- **What you will do**: Using the listing below, give again exactly the lines from the line with "昨日,李大爷向记者展示购买的一堆纪念品。" to the line with "Casafoyer V-Style 6", inclusive, without the pictures.

- **Extracted information**:
====================

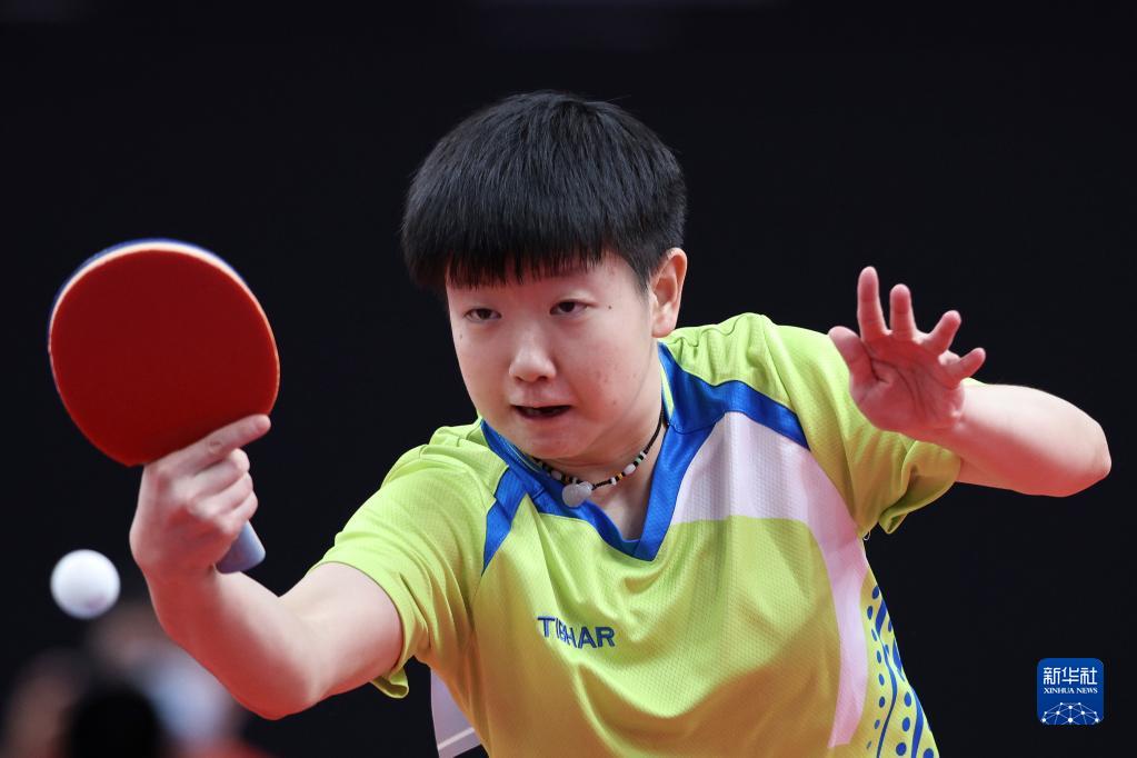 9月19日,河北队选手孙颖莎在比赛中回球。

====================

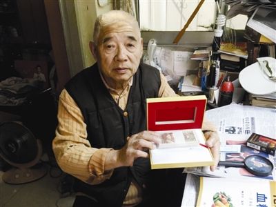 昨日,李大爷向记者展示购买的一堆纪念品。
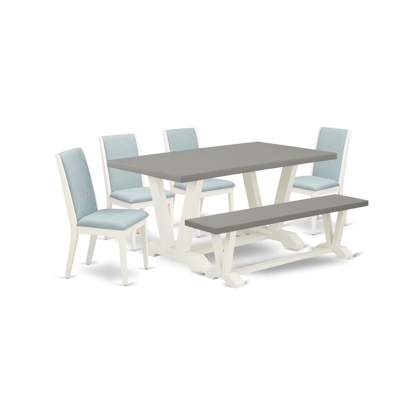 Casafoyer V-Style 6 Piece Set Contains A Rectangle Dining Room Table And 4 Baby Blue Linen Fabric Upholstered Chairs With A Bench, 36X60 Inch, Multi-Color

====================

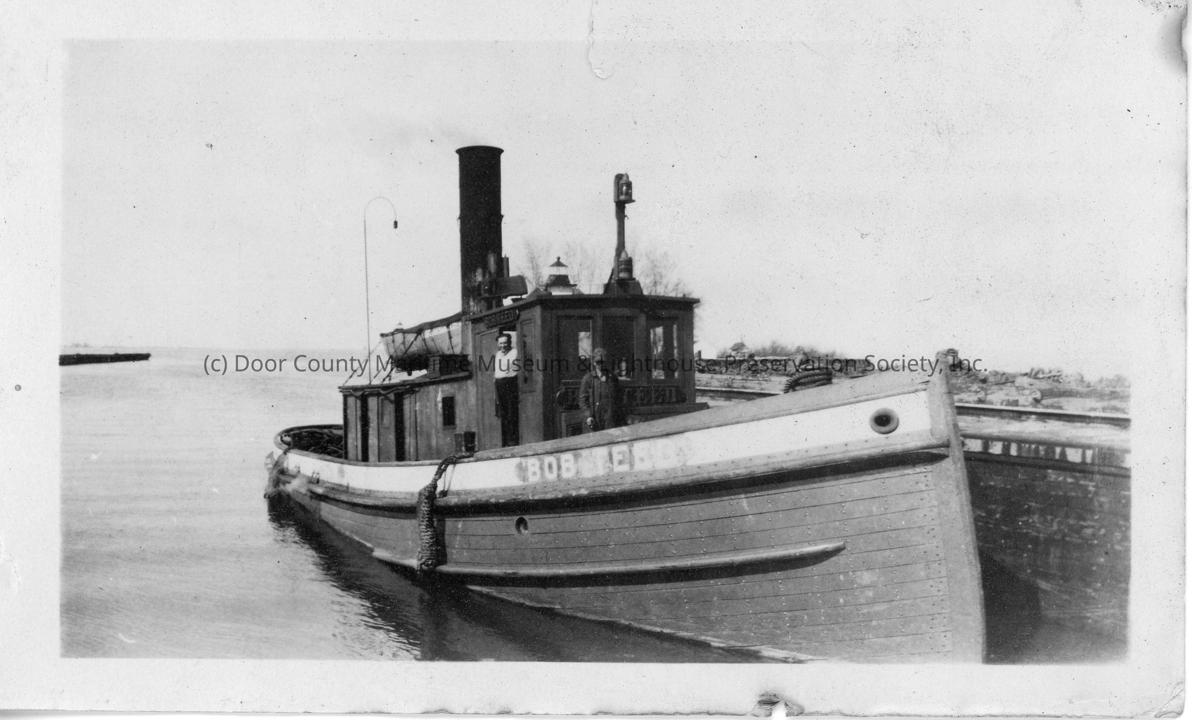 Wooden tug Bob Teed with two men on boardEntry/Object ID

====================

- **Solution**:
 昨日,李大爷向记者展示购买的一堆纪念品。
 Casafoyer V-Style 6 Piece Set Contains A Rectangle Dining Room Table And 4 Baby Blue Linen Fabric Upholstered Chairs With A Bench, 36X60 Inch, Multi-Color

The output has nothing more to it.